Die Ergebnisse dieser Analysen werden im Capital Management Meeting diskutiert, das gegebenenfalls Empfehlungen zur Stärkung der Eigenkapitaldecke an den Gesamtvorstand ausspricht.

Die BAWAG P.S.K. überwacht die Einhaltung der vorgeschriebenen Eigenmittelquoten laufend. Basis sind dabei die zum Monatsultimo erstellten Meldungen an die Oesterreichische Nationalbank sowie die Beobachtung der Geschäftsentwicklung. Über die Entwicklung wird regelmäßig an den Gesamtvorstand berichtet.

Die folgende Tabelle zeigt das Eigenmittelerfordernis gemäß BWG und die Zusammensetzung der Eigenmittel der Kreditinstitutsgruppe auf Ebene der BAWAG P.S.K.:

Eigenmittelerfordernis gemäß BWG
in Millionen Euro 31.12.2009 31.12.2008
Grundkapital, Partizipationskapital 800
250
Rücklagen (inklusive Fonds für allgemeine Bankrisiken) 954 1.007
Unterschiedsbeträge, Minderheitenanteile und Abzugsposten 346
232
Kernkapital (Tier I) 2.100
1.489
Abzug Beteiligungen -51 -56
Kernkapital (Tier I) nach Abzugsposten 2.049
1.433
Rücklage gem. § 57 BWG, Neubewertungsreserve 85
13
Ergänzungs- und Nachrangkapital 746
790
Ergänzende Elemente (Tier II) 831
803
Abzug Beteiligungen -51
-56
Anrechenbare Eigenmittel 2.829
2.180
Tier III 67
55
Eigenmittel 2.896
2.235

Den Eigenmitteln steht folgendes Eigenmittelerfordernis gegenüber:

Den Eigenmitteln steht folgendes Eigenmittelerfordernis gegenüber
Kreditrisiko 1.579
1.1667
Marktrisiko 67
55
Operationelles Risiko 150
131
Eigenmittelerfordernis 1.796

1.853

Die deutliche Erhöhung der Eigenmittel im laufenden Geschäftsjahr stammt in erster Linie aus dem von der Republik Österreich gezeichneten Partizipationskapital von 550 Mio EUR sowie aus dem Kapitalzuschuss von 205 Mio EUR durch die Aktionäre.

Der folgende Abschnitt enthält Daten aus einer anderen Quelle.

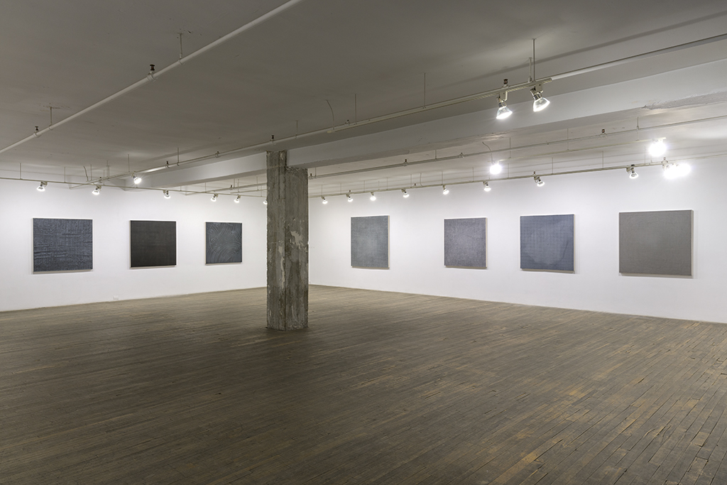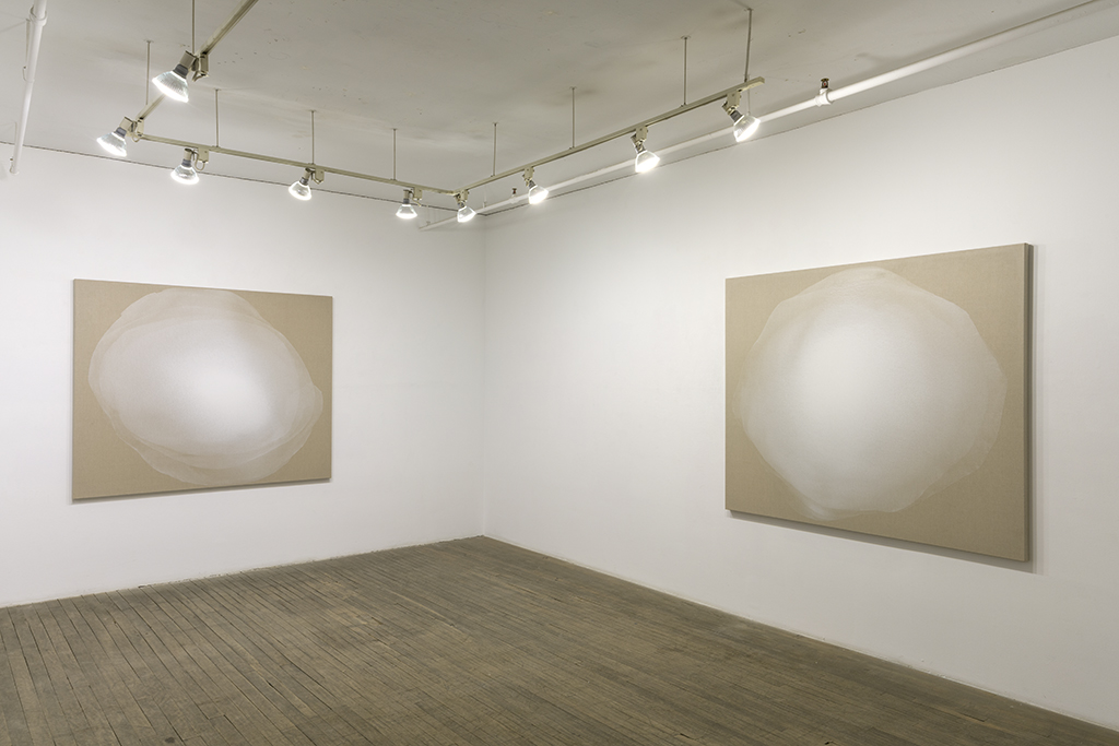 This group of nearly-nothings, with neither edges nor centre, nor hierarchy of surface, this layering of changing intentions and vagueries of process, propose a palimpsest of overlapped time. There are many moments of painting at the heart of each, gestures which cross paths, separate, complete themselves or becoming lost, occasionally are forgotten. It in such a spirit that the present group of works took form. I returned, as is my wont, to certain aspects of my practice to rework them and found myself in a different position to that which I had originally thought. Marguerite Duras who, describing her desire to translate the humidity of the park, and finally remembering it the next day, writes in her notebook: « the humidities of the park ». I like to think that the unforeseen can nourish awareness and understanding, that it can be our loss as well as our arrival. Coming into being despite all that we can do, it often appears as a certain compression of time, space, desire… Thus, I’m more interested in the edges of the image than in the image itself and I search for the conditions allowing its appearance.

Zum 31. Dezember 2009 besteht in der BAWAG P.S.K. ein Fonds für Allgemeine Bankrisiken gemäß § 57 Absatz 3 BWG in Höhe von 28 Mio EUR (2008: 80 Mio EUR).

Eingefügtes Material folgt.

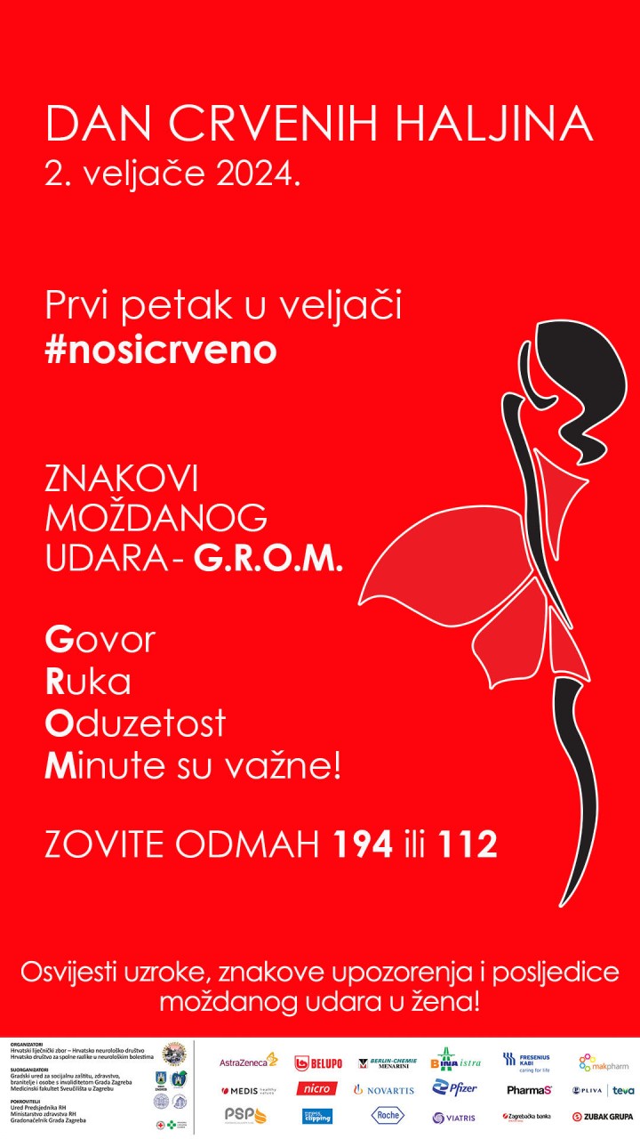 Ove godine pod pokroviteljstvom gradonačelnika Grada Zagreba, Hrvatski liječnički zbor - Hrvatsko neurološko društvo u suorganizaciji s Gradskim uredom za socijalnu zaštitu, zdravstvo, branitelje i osobe s invaliditetom i u 2024. godini organizira šestu po redu javnozdravstveno - edukativnu kampanju „Dan crvenih haljina". Slične kampanje koje se redovito održavaju u Europi i SAD-u, izazvale su interes stručnjaka i javnosti, a progovaraju o karakteristikama i specifičnostima moždanog udara u žena, teškoćama u liječenju i prevenciji moždanog udara kod ženske populacije te vrlo čestom zanemarivanju te bolesti.

Die Kernkapitalquote (Tier I) von 10,0% (2008: 6,6%) sowie die Eigenmittelquote von 13,6% (2008: 9,8%) liegen deutlich über dem gesetzlichen Mindesterfordernis. Bezogen auf das Kreditrisiko (ohne Berücksichtigung des operationellen Risikos) beträgt die Kernkapitalquote (Tier I) 10,4% (2008: 6,9%).